- [INFORMATION SHOWN]
------------------------------

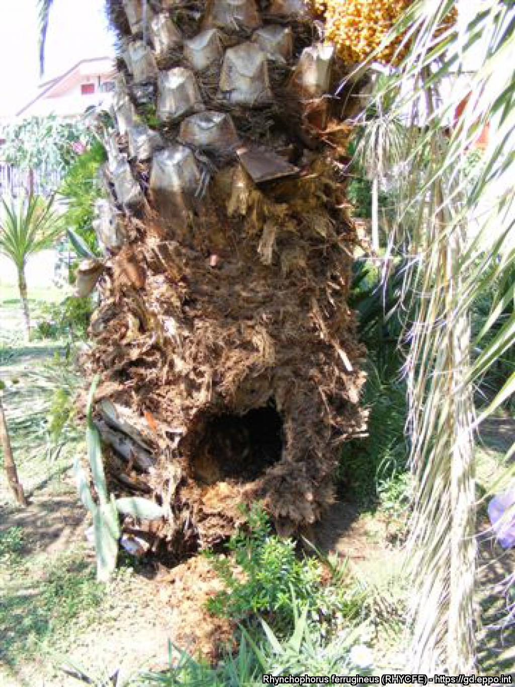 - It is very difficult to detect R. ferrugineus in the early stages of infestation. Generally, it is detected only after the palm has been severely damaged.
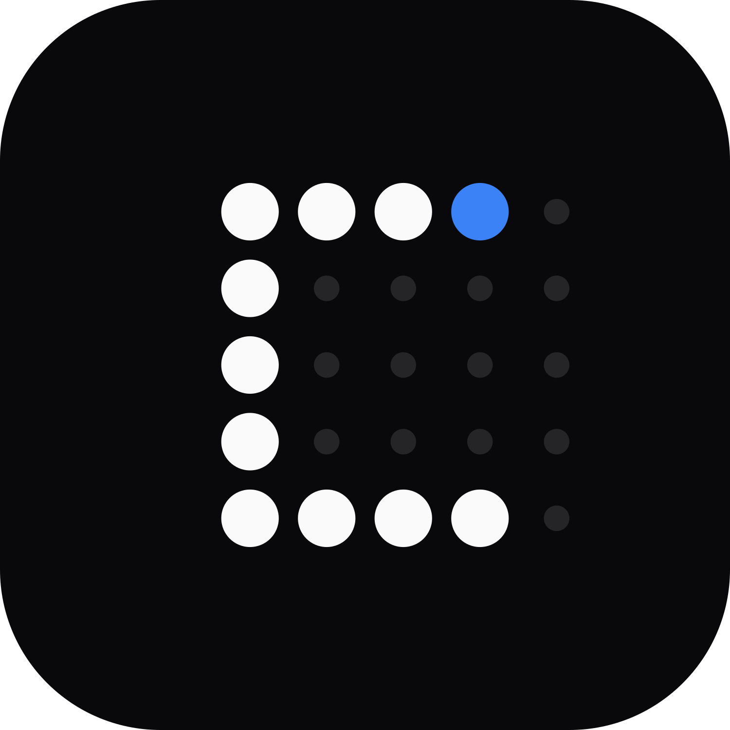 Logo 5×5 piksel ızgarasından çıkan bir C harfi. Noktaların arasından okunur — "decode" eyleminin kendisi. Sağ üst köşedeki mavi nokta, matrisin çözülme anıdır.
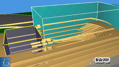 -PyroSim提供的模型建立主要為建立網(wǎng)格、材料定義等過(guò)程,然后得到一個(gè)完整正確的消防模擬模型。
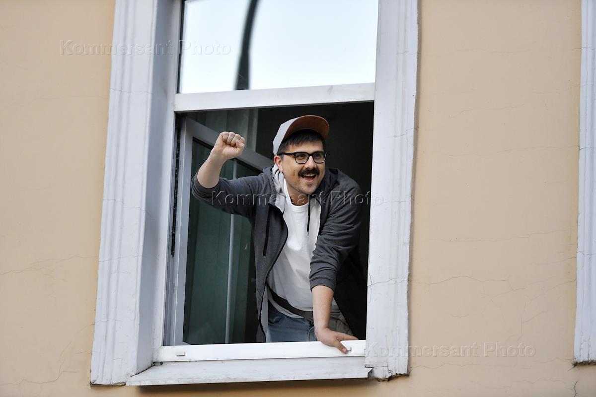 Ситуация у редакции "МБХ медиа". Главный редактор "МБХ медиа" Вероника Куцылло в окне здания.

------------------------------

Would you output the full listing exactly as it stands, minus the images?

 - It is very difficult to detect R. ferrugineus in the early stages of infestation. Generally, it is detected only after the palm has been severely damaged.
 Logo 5×5 piksel ızgarasından çıkan bir C harfi. Noktaların arasından okunur — "decode" eyleminin kendisi. Sağ üst köşedeki mavi nokta, matrisin çözülme anıdır.
 -PyroSim提供的模型建立主要為建立網(wǎng)格、材料定義等過(guò)程,然后得到一個(gè)完整正確的消防模擬模型。
 Ситуация у редакции "МБХ медиа". Главный редактор "МБХ медиа" Вероника Куцылло в окне здания.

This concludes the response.